Conferimos uma partida de Guitar Hero entre os dois, uma viagem à Milão — onde ele vai receber um prêmio internacional -, o café da manhã, um banho de piscina, uma viagem à Las Vegas, e alguns momentos angustiados da jovem que sente falta da mãe. No momento de voltar à sua solidão e a rotina de sexo e drogas (nada além de bebidas e cigarro), é que Johnny tem um crise existêncial e liga para a companheira de seu último trabalho, provavelmente, da qual, ele fez sexo sem compromisso como de costume. Mas ele se abre e diz que é um “nada”. Neste momento, ouve-se a frase que todos esperavam e identifica toda a mensagem do filme. É apenas quando a filha vai embora, um momento familiar e de alguma forma o fez sentir importante e que faça alguma diferença para alguém, que a realidade destrutiva vem à tona. No telefone, a atriz diz para ele se voluntariar, mas não é isso que ele quer. Imagine se Sean Penn não gastasse sua energia ajudando vítimas das tragédias naturais? O passo de Johnny poderia muito bem se revelar como um Charlie Cheen ou um Nicolas Cage. Mas no final temos uma surpresa. A mudança vem do desapego e da procura de algo desafiador.

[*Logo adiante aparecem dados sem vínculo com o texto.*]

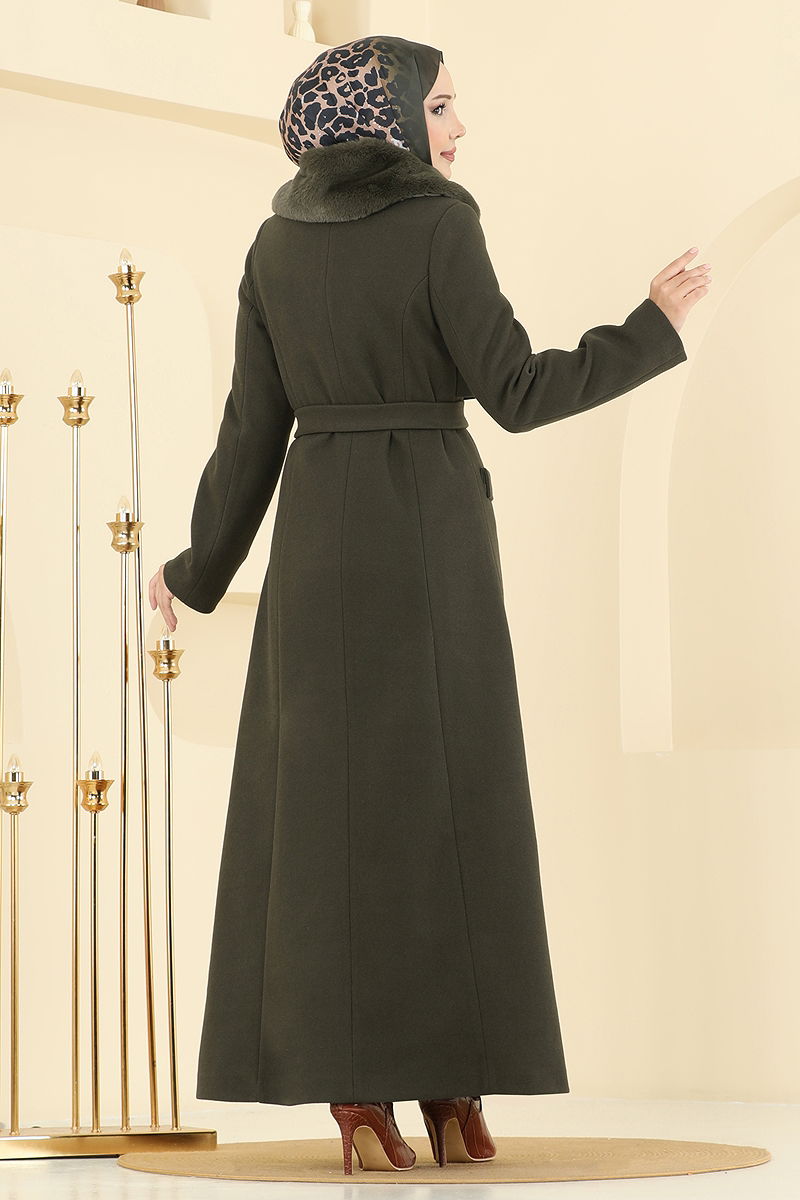 المنتج لديه ياقة الفراء. المنتج به أزرار من الأمام. مبطنة.. يتضمين المنتج ياقة من الفراء ، يمكن استخدامه حسب الرغبة الحزام متضمن، ،يمكن استخدامها حسب الرغبة الجيب متاح. قد يكون هناك اختلاف في الدرجة اللونية في المنتج بسبب التقاط الصور الفوتوغرافية.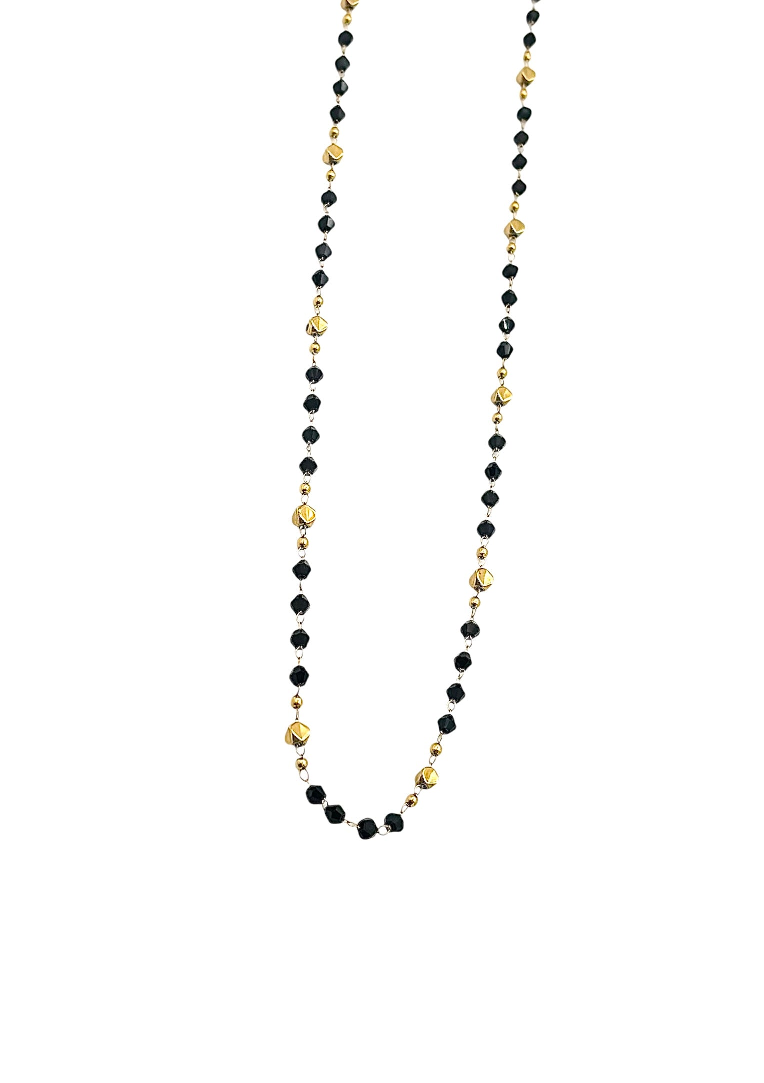 Elegancki naszyjnik łańcuszkowy z czarnymi koralikami i złotymi akcentami wykonany z wysokiej jakości stali chirurgicznej.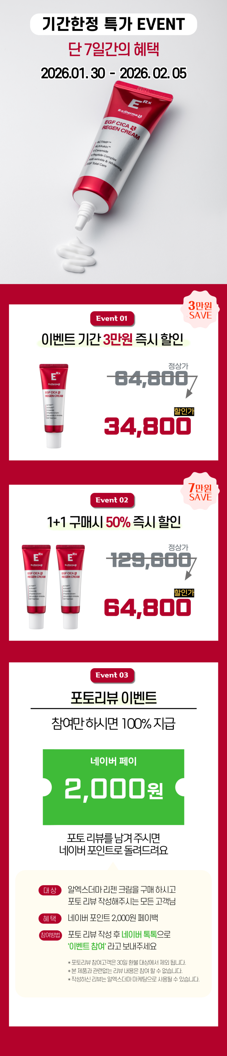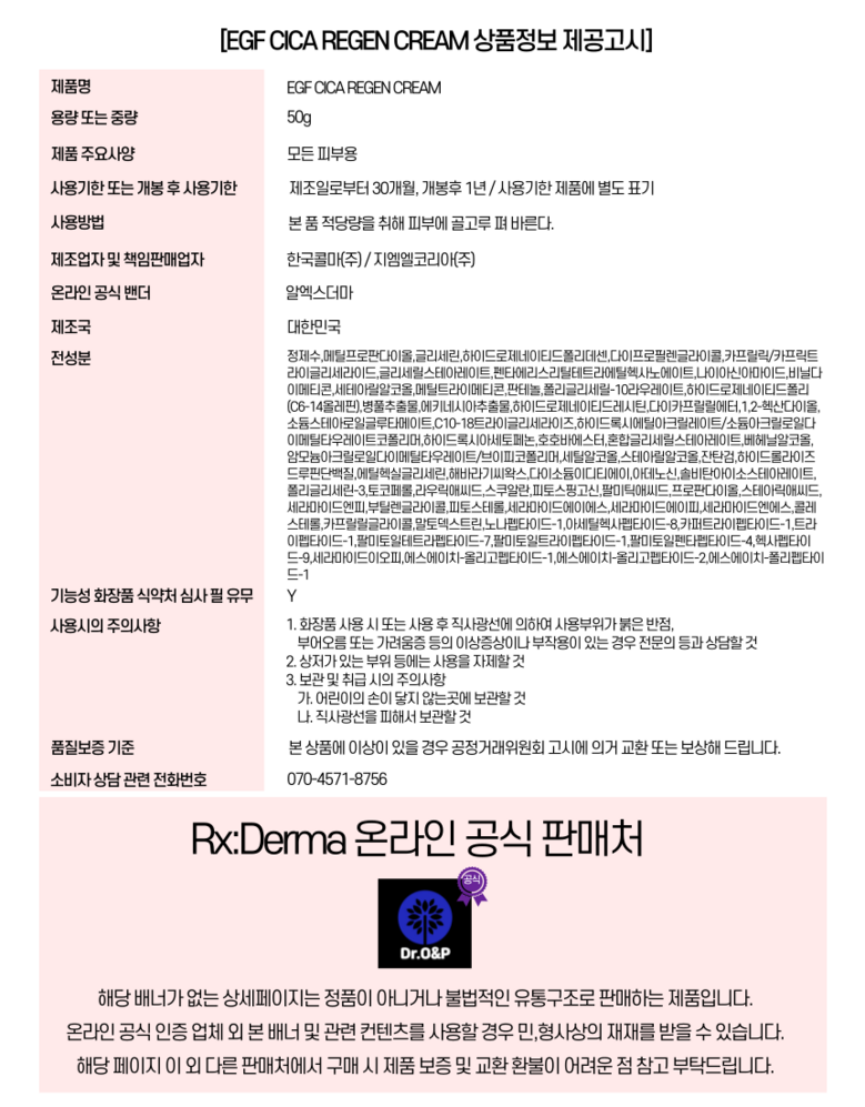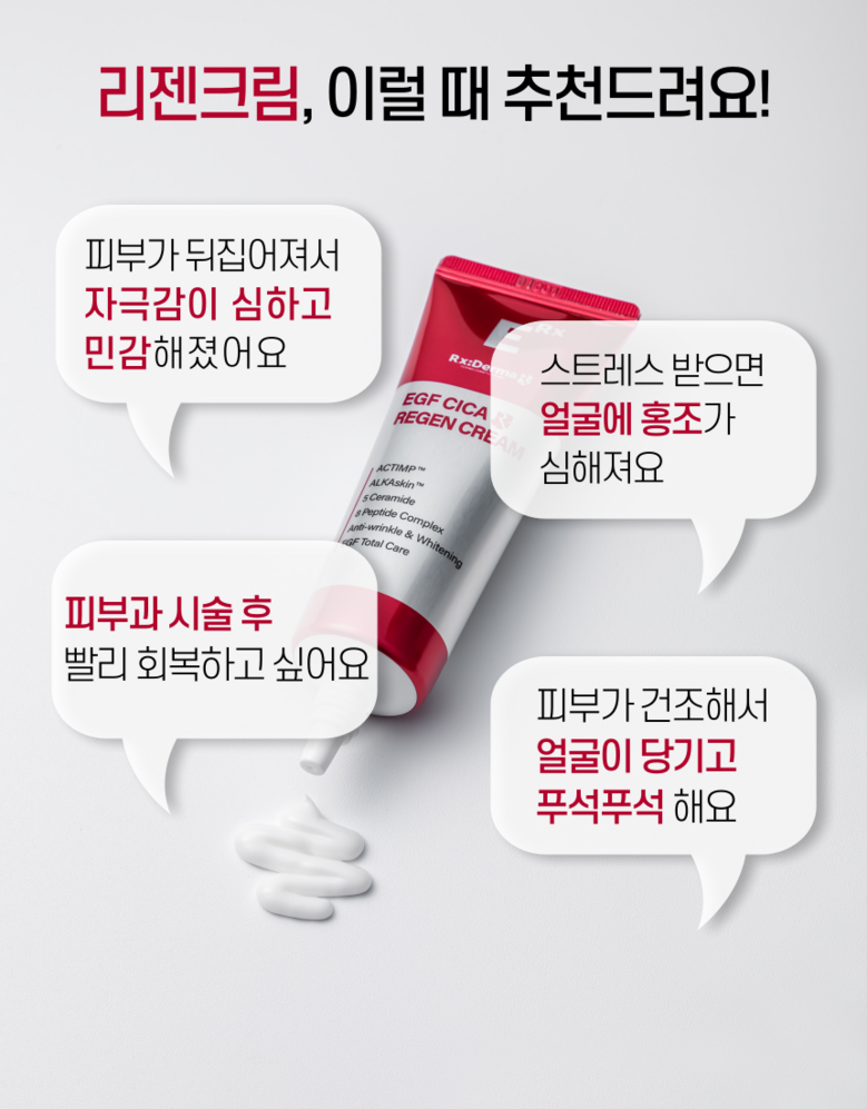 알엑스더마 EGF 시카 리젠 크림 세라마이드 판테놀 병풀 피부과 레이저 재생관리 후 진정크림, 50ml, 2개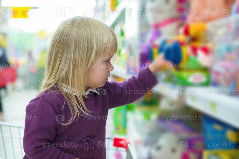 Очаровательный ребенок с игрушками на полках в торговом центре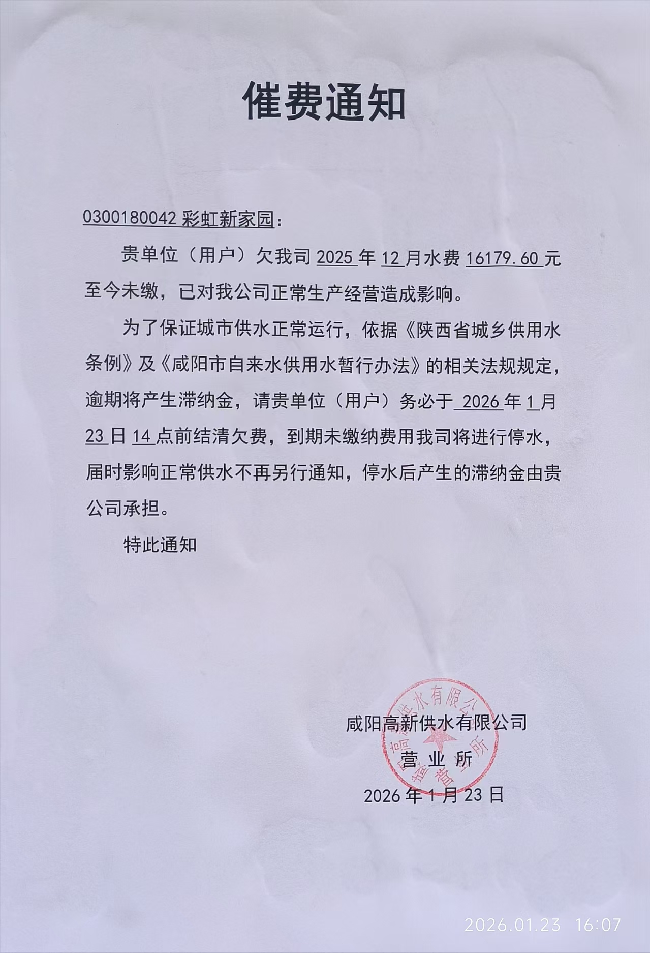 咸阳彩虹物业公司疑似未与彩虹新家园小区签订合同,强行上涨物业费,拖欠供水公司水费,小区即将停水。业主同意交水费,但被告知不能只收水费,必须捆绑物业费。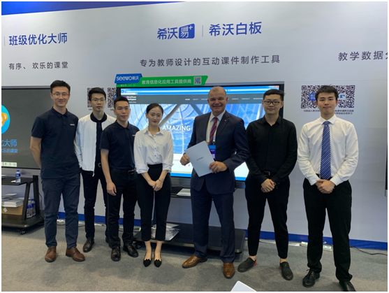 Martellacci在希沃展區(qū)現(xiàn)場觀看完工作人員的展示后稱贊到,并主動與產(chǎn)品和工作人員合影。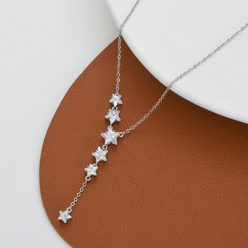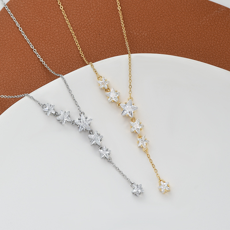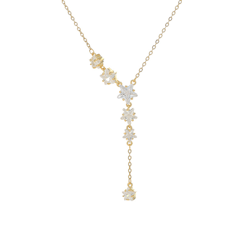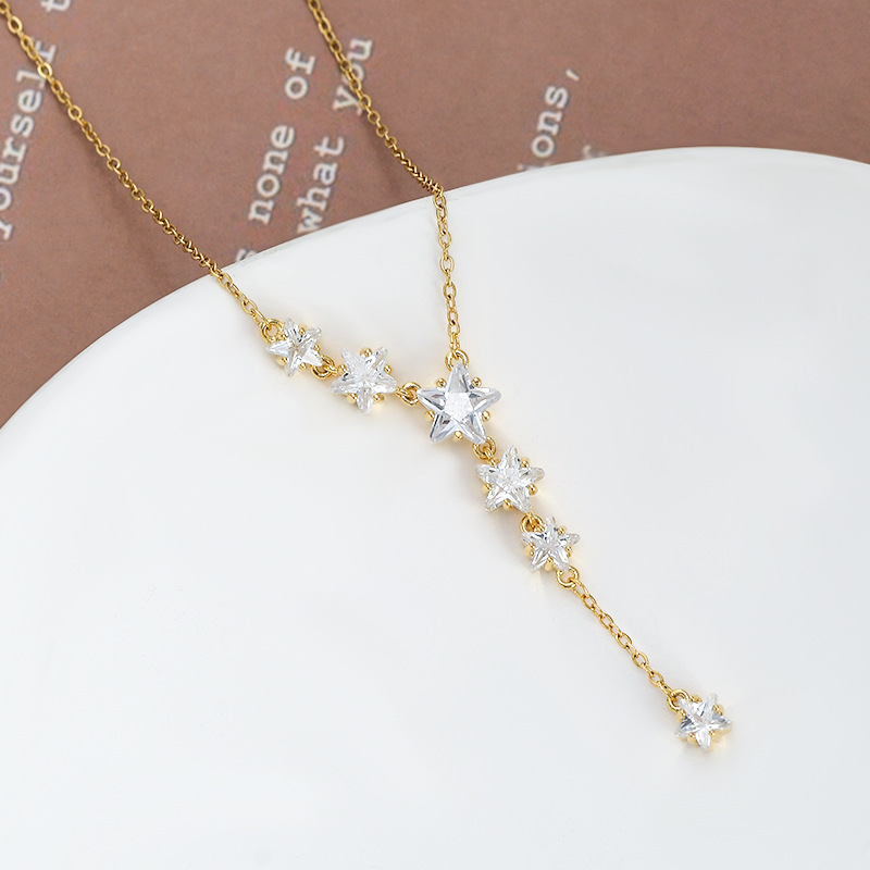 真金电镀微镶锆石气质锁骨链女小众设计感五角星项链星星流苏颈链 English | 投诉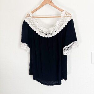 Inc International Concepts Women Black White Off-Shoulder Blouse Top Size XXL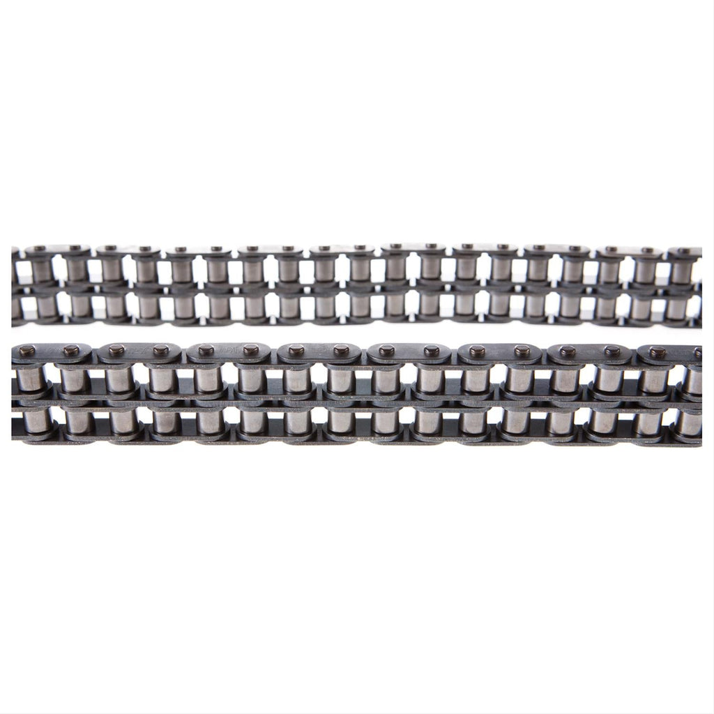 Melling replacement timing chains are available in several styles—single or double roller, link belt, or non-roller—for fitment on countless year/make/model vehicles. A key link in your engine, timing chains synchronize and transfer energy from the crankshaft to the camshaft, controlling when the intake and exhaust valves open. These solid-bushing chains offer a true bearing surface that rolls with the sprockets, eliminating chain stretch. Order the replacement designed for your specific application.Brand: Melling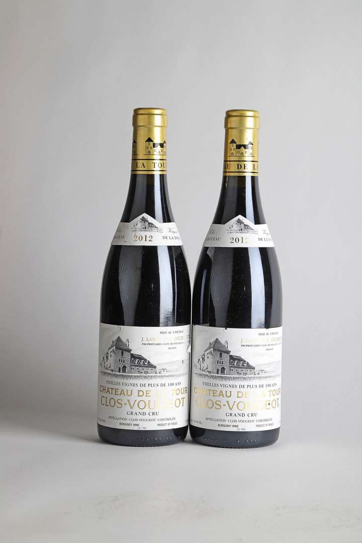 2 B CLOS DE VOUGEOT VIEILLES VIGNES DE PLUS DE 100 ANS (Grand Cru) (1 e.a| 1 e.t.a| contre-étiquettes légèrement abimées) - 2012 - Château de la Tour

O clímax talvez não seja à altura da mensagem que é muito maior, mas são essas “pequenas” mudanças na rotina que nos fazem sentir vivos e se não nos derem uma razão de viver, pelo menos nos leva à um lugar diferente onde a busca continua. Quem nunca se sentiu aliviado ao chegar em casa e tirar o relógio ou ao menos desligar o celular? Um Lugar Qualquer é o olhar particular de uma diretora que viveu isso nos seus momentos como modelo e que mostra, mais uma vez, a face ignorada pela mídia. O mesmo tipo de estórias que vemos em A Rede Social (The Social Network, 2010), O Lutador (The Wrestler, 2009) ou Coração Louco (Crazy Heart, 2009). Ser bilionário jovem passando por cima dos amigos, não se aceitar da forma que é, ou aceitar a fama sem se deixar levar pelo tédio. Sofia tratou com maestria o vazio, que os protagonistas deses três filmes carregam entre sim. Do mesmo jeito como fez em Maria Antonieta (Marie Antoinette, 2006) e a hierarquia sufocante de uma jovem rainha que acaba esbanjando de forma irresponsável, ou as adolescentes de classe média que não sabem o que é liberdade em As Virgens Suicidas (The Virgin Suicides, 2000). Não chega ser um trabalho tão poético quanto Encontros e Desencontros (Lost in Translation, 2003), mas que no atual sentido da indústria cultural voltada pro lucro e com a mentalidade do culto à celebridade, Um Lugar Qualquer se sobressai, sem medo de provocar tédio no espectador.